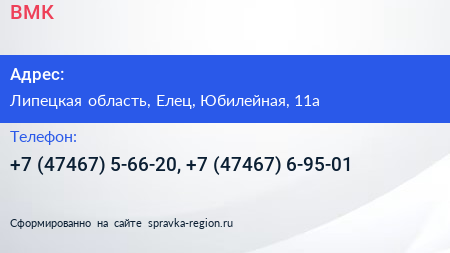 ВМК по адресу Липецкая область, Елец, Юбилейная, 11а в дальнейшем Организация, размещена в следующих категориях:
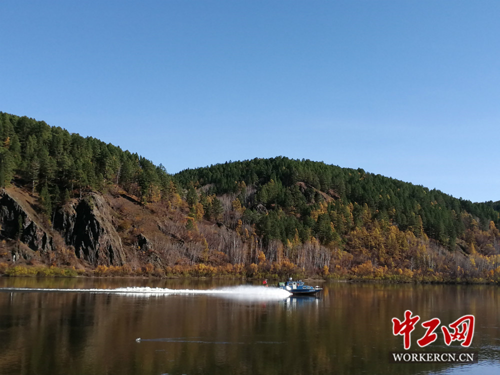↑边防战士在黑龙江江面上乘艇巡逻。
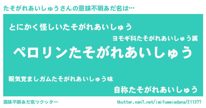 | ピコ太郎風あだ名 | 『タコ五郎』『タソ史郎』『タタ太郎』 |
==
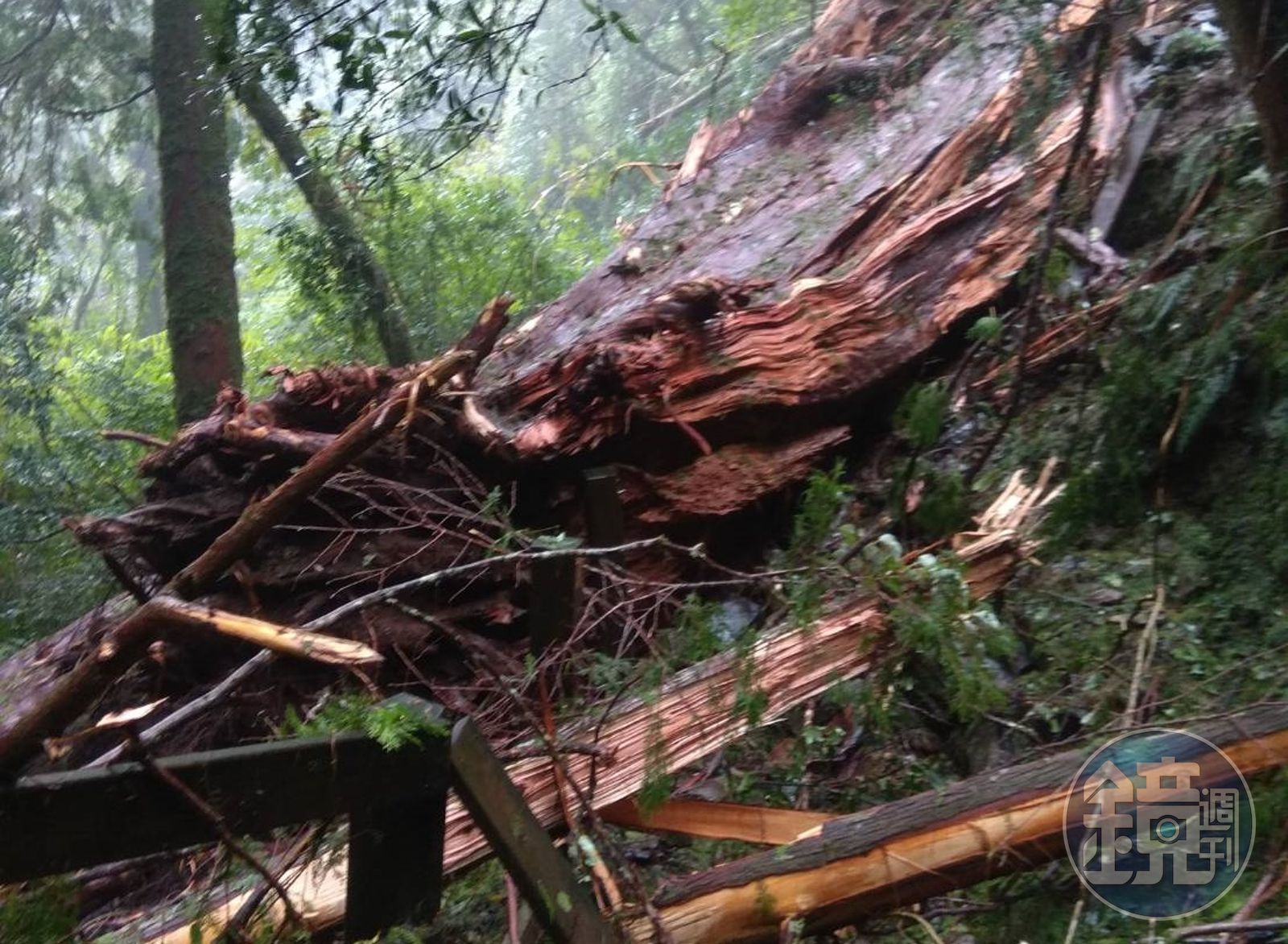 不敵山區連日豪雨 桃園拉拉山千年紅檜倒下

# WHAT THIS TASK INVOLVES
Only the lines above from the one containing "ВМК по адресу" through the one containing "ピコ太郎風あだ名 | 『タコ五郎』『タソ史郎』『タタ太郎』 |" should be returned, verbatim and inclusive, with pictures excluded.

# ANSWER TO THIS TASK
 ВМК по адресу Липецкая область, Елец, Юбилейная, 11а в дальнейшем Организация, размещена в следующих категориях:
↑边防战士在黑龙江江面上乘艇巡逻。
 | ピコ太郎風あだ名 | 『タコ五郎』『タソ史郎』『タタ太郎』 |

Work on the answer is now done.